/---

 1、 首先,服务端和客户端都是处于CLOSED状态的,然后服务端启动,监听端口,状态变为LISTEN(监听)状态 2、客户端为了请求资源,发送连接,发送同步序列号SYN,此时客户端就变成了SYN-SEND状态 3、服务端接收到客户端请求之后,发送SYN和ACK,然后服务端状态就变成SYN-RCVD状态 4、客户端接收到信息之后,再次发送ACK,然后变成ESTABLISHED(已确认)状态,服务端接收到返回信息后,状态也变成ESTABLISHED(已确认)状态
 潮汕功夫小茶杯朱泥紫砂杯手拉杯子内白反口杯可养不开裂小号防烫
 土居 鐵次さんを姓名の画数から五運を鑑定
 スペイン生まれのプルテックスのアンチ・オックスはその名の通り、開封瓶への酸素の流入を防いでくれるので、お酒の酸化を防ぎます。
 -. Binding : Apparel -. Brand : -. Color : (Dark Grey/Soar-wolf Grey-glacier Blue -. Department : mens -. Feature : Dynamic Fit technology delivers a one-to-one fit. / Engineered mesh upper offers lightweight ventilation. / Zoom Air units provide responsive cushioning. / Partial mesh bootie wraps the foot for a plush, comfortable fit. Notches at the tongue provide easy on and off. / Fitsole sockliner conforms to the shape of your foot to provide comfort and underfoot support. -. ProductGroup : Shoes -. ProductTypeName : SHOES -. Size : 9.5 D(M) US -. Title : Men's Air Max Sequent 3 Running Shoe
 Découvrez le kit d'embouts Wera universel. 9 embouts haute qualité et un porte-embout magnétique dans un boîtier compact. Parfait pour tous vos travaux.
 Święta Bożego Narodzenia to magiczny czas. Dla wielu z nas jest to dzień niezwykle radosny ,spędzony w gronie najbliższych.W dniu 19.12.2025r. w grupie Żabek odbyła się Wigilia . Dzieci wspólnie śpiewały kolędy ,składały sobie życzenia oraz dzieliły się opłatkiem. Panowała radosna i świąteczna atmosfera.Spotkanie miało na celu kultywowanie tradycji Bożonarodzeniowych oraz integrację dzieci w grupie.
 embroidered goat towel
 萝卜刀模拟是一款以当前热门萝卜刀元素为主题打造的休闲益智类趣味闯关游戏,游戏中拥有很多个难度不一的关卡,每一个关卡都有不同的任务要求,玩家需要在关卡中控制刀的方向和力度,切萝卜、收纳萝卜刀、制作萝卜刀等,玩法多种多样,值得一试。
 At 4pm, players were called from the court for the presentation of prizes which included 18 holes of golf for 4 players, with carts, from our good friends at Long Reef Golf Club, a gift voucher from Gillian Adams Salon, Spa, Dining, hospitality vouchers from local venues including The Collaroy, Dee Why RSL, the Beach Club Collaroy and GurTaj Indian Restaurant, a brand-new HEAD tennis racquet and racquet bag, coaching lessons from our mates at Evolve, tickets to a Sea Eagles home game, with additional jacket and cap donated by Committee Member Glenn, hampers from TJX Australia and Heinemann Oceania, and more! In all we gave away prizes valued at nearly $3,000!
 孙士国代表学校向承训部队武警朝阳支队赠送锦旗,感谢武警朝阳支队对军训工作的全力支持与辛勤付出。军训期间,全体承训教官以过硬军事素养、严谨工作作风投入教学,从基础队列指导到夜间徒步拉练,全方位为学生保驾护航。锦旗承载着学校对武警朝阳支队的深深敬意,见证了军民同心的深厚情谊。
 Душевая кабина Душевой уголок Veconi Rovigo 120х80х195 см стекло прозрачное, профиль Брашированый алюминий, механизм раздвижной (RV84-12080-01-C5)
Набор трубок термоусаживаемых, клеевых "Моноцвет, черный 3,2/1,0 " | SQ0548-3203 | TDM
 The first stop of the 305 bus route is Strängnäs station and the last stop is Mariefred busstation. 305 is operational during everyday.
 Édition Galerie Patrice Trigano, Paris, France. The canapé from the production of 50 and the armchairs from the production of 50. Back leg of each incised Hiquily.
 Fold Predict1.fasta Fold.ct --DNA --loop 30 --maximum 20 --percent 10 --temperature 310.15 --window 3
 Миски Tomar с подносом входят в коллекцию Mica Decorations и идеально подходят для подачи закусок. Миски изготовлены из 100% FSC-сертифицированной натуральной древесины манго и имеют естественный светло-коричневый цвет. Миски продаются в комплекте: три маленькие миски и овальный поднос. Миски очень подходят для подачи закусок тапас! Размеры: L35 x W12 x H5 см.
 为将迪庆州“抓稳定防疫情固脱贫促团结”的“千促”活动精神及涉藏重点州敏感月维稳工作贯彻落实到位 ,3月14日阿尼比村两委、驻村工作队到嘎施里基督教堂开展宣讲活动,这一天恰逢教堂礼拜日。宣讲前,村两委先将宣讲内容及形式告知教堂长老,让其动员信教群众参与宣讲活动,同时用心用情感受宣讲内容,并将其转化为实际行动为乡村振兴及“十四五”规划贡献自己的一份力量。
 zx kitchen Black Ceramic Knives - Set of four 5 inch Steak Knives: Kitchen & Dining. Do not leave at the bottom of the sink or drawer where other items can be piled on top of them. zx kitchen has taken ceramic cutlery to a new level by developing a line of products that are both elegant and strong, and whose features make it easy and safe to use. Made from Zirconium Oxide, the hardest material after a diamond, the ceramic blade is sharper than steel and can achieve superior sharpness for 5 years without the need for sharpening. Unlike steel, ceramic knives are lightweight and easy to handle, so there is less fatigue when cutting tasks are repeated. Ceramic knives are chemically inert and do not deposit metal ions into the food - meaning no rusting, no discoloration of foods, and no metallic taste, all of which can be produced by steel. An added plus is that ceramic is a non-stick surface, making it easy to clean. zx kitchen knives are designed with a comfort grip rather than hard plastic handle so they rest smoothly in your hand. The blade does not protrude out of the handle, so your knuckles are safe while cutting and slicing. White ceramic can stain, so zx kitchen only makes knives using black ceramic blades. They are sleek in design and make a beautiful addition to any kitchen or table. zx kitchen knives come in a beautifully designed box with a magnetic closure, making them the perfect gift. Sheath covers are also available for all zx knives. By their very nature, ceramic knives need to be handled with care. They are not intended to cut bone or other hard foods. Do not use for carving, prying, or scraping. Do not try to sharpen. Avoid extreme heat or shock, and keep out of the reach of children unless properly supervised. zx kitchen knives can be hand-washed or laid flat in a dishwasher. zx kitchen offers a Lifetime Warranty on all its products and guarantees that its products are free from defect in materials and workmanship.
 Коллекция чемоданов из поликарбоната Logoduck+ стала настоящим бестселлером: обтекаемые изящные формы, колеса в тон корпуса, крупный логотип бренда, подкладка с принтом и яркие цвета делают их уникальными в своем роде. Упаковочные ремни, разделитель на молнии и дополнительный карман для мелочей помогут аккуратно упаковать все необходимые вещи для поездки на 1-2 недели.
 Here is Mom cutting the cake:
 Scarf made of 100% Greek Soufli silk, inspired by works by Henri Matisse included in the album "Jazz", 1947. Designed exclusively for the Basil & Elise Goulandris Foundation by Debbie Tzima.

\---

All entries above are to be transcribed verbatim.

* [ANSWER BELOW]:
 1、 首先,服务端和客户端都是处于CLOSED状态的,然后服务端启动,监听端口,状态变为LISTEN(监听)状态 2、客户端为了请求资源,发送连接,发送同步序列号SYN,此时客户端就变成了SYN-SEND状态 3、服务端接收到客户端请求之后,发送SYN和ACK,然后服务端状态就变成SYN-RCVD状态 4、客户端接收到信息之后,再次发送ACK,然后变成ESTABLISHED(已确认)状态,服务端接收到返回信息后,状态也变成ESTABLISHED(已确认)状态
 潮汕功夫小茶杯朱泥紫砂杯手拉杯子内白反口杯可养不开裂小号防烫
 土居 鐵次さんを姓名の画数から五運を鑑定
 スペイン生まれのプルテックスのアンチ・オックスはその名の通り、開封瓶への酸素の流入を防いでくれるので、お酒の酸化を防ぎます。
 -. Binding : Apparel -. Brand : -. Color : (Dark Grey/Soar-wolf Grey-glacier Blue -. Department : mens -. Feature : Dynamic Fit technology delivers a one-to-one fit. / Engineered mesh upper offers lightweight ventilation. / Zoom Air units provide responsive cushioning. / Partial mesh bootie wraps the foot for a plush, comfortable fit. Notches at the tongue provide easy on and off. / Fitsole sockliner conforms to the shape of your foot to provide comfort and underfoot support. -. ProductGroup : Shoes -. ProductTypeName : SHOES -. Size : 9.5 D(M) US -. Title : Men's Air Max Sequent 3 Running Shoe
 Découvrez le kit d'embouts Wera universel. 9 embouts haute qualité et un porte-embout magnétique dans un boîtier compact. Parfait pour tous vos travaux.
 Święta Bożego Narodzenia to magiczny czas. Dla wielu z nas jest to dzień niezwykle radosny ,spędzony w gronie najbliższych.W dniu 19.12.2025r. w grupie Żabek odbyła się Wigilia . Dzieci wspólnie śpiewały kolędy ,składały sobie życzenia oraz dzieliły się opłatkiem. Panowała radosna i świąteczna atmosfera.Spotkanie miało na celu kultywowanie tradycji Bożonarodzeniowych oraz integrację dzieci w grupie.
 embroidered goat towel
 萝卜刀模拟是一款以当前热门萝卜刀元素为主题打造的休闲益智类趣味闯关游戏,游戏中拥有很多个难度不一的关卡,每一个关卡都有不同的任务要求,玩家需要在关卡中控制刀的方向和力度,切萝卜、收纳萝卜刀、制作萝卜刀等,玩法多种多样,值得一试。
 At 4pm, players were called from the court for the presentation of prizes which included 18 holes of golf for 4 players, with carts, from our good friends at Long Reef Golf Club, a gift voucher from Gillian Adams Salon, Spa, Dining, hospitality vouchers from local venues including The Collaroy, Dee Why RSL, the Beach Club Collaroy and GurTaj Indian Restaurant, a brand-new HEAD tennis racquet and racquet bag, coaching lessons from our mates at Evolve, tickets to a Sea Eagles home game, with additional jacket and cap donated by Committee Member Glenn, hampers from TJX Australia and Heinemann Oceania, and more! In all we gave away prizes valued at nearly $3,000!
 孙士国代表学校向承训部队武警朝阳支队赠送锦旗,感谢武警朝阳支队对军训工作的全力支持与辛勤付出。军训期间,全体承训教官以过硬军事素养、严谨工作作风投入教学,从基础队列指导到夜间徒步拉练,全方位为学生保驾护航。锦旗承载着学校对武警朝阳支队的深深敬意,见证了军民同心的深厚情谊。
 Душевая кабина Душевой уголок Veconi Rovigo 120х80х195 см стекло прозрачное, профиль Брашированый алюминий, механизм раздвижной (RV84-12080-01-C5)
Набор трубок термоусаживаемых, клеевых "Моноцвет, черный 3,2/1,0 " | SQ0548-3203 | TDM
 The first stop of the 305 bus route is Strängnäs station and the last stop is Mariefred busstation. 305 is operational during everyday.
 Édition Galerie Patrice Trigano, Paris, France. The canapé from the production of 50 and the armchairs from the production of 50. Back leg of each incised Hiquily.
 Fold Predict1.fasta Fold.ct --DNA --loop 30 --maximum 20 --percent 10 --temperature 310.15 --window 3
 Миски Tomar с подносом входят в коллекцию Mica Decorations и идеально подходят для подачи закусок. Миски изготовлены из 100% FSC-сертифицированной натуральной древесины манго и имеют естественный светло-коричневый цвет. Миски продаются в комплекте: три маленькие миски и овальный поднос. Миски очень подходят для подачи закусок тапас! Размеры: L35 x W12 x H5 см.
 为将迪庆州“抓稳定防疫情固脱贫促团结”的“千促”活动精神及涉藏重点州敏感月维稳工作贯彻落实到位 ,3月14日阿尼比村两委、驻村工作队到嘎施里基督教堂开展宣讲活动,这一天恰逢教堂礼拜日。宣讲前,村两委先将宣讲内容及形式告知教堂长老,让其动员信教群众参与宣讲活动,同时用心用情感受宣讲内容,并将其转化为实际行动为乡村振兴及“十四五”规划贡献自己的一份力量。
 zx kitchen Black Ceramic Knives - Set of four 5 inch Steak Knives: Kitchen & Dining. Do not leave at the bottom of the sink or drawer where other items can be piled on top of them. zx kitchen has taken ceramic cutlery to a new level by developing a line of products that are both elegant and strong, and whose features make it easy and safe to use. Made from Zirconium Oxide, the hardest material after a diamond, the ceramic blade is sharper than steel and can achieve superior sharpness for 5 years without the need for sharpening. Unlike steel, ceramic knives are lightweight and easy to handle, so there is less fatigue when cutting tasks are repeated. Ceramic knives are chemically inert and do not deposit metal ions into the food - meaning no rusting, no discoloration of foods, and no metallic taste, all of which can be produced by steel. An added plus is that ceramic is a non-stick surface, making it easy to clean. zx kitchen knives are designed with a comfort grip rather than hard plastic handle so they rest smoothly in your hand. The blade does not protrude out of the handle, so your knuckles are safe while cutting and slicing. White ceramic can stain, so zx kitchen only makes knives using black ceramic blades. They are sleek in design and make a beautiful addition to any kitchen or table. zx kitchen knives come in a beautifully designed box with a magnetic closure, making them the perfect gift. Sheath covers are also available for all zx knives. By their very nature, ceramic knives need to be handled with care. They are not intended to cut bone or other hard foods. Do not use for carving, prying, or scraping. Do not try to sharpen. Avoid extreme heat or shock, and keep out of the reach of children unless properly supervised. zx kitchen knives can be hand-washed or laid flat in a dishwasher. zx kitchen offers a Lifetime Warranty on all its products and guarantees that its products are free from defect in materials and workmanship.
 Коллекция чемоданов из поликарбоната Logoduck+ стала настоящим бестселлером: обтекаемые изящные формы, колеса в тон корпуса, крупный логотип бренда, подкладка с принтом и яркие цвета делают их уникальными в своем роде. Упаковочные ремни, разделитель на молнии и дополнительный карман для мелочей помогут аккуратно упаковать все необходимые вещи для поездки на 1-2 недели.
 Here is Mom cutting the cake:
 Scarf made of 100% Greek Soufli silk, inspired by works by Henri Matisse included in the album "Jazz", 1947. Designed exclusively for the Basil & Elise Goulandris Foundation by Debbie Tzima.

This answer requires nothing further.